TASK MATERIAL Start Marker

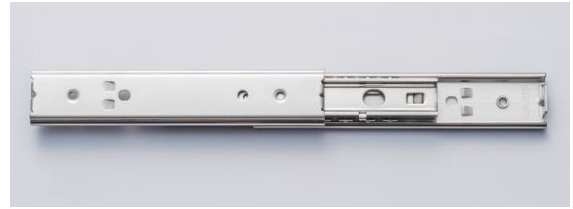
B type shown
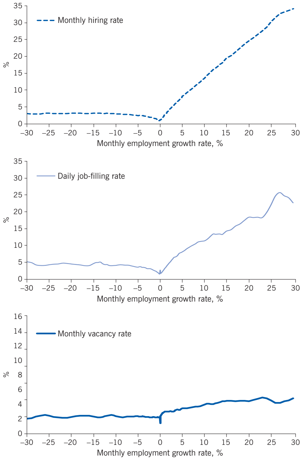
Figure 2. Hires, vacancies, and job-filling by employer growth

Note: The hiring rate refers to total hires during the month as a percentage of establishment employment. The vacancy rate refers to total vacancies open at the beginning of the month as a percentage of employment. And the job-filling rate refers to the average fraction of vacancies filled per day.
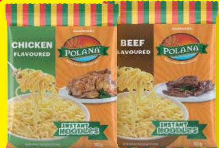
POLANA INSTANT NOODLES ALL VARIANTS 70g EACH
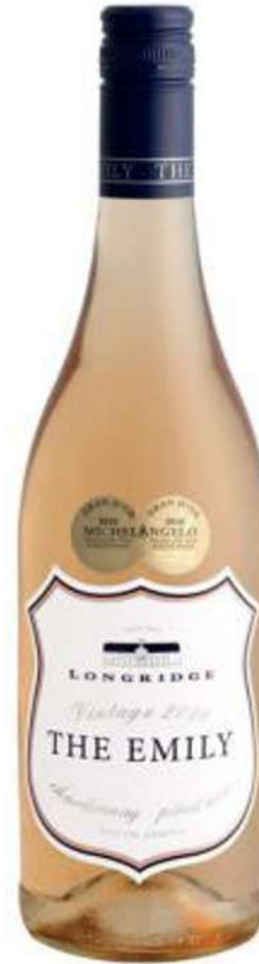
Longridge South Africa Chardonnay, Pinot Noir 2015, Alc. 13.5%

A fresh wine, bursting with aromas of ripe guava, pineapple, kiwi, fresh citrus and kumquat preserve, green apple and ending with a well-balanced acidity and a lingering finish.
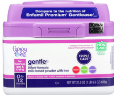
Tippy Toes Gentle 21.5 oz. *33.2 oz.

TASK MATERIAL End Marker

Look over the records. Copy the lines that include the word "filling".

Figure 2. Hires, vacancies, and job-filling by employer growth
Note: The hiring rate refers to total hires during the month as a percentage of establishment employment. The vacancy rate refers to total vacancies open at the beginning of the month as a percentage of employment. And the job-filling rate refers to the average fraction of vacancies filled per day.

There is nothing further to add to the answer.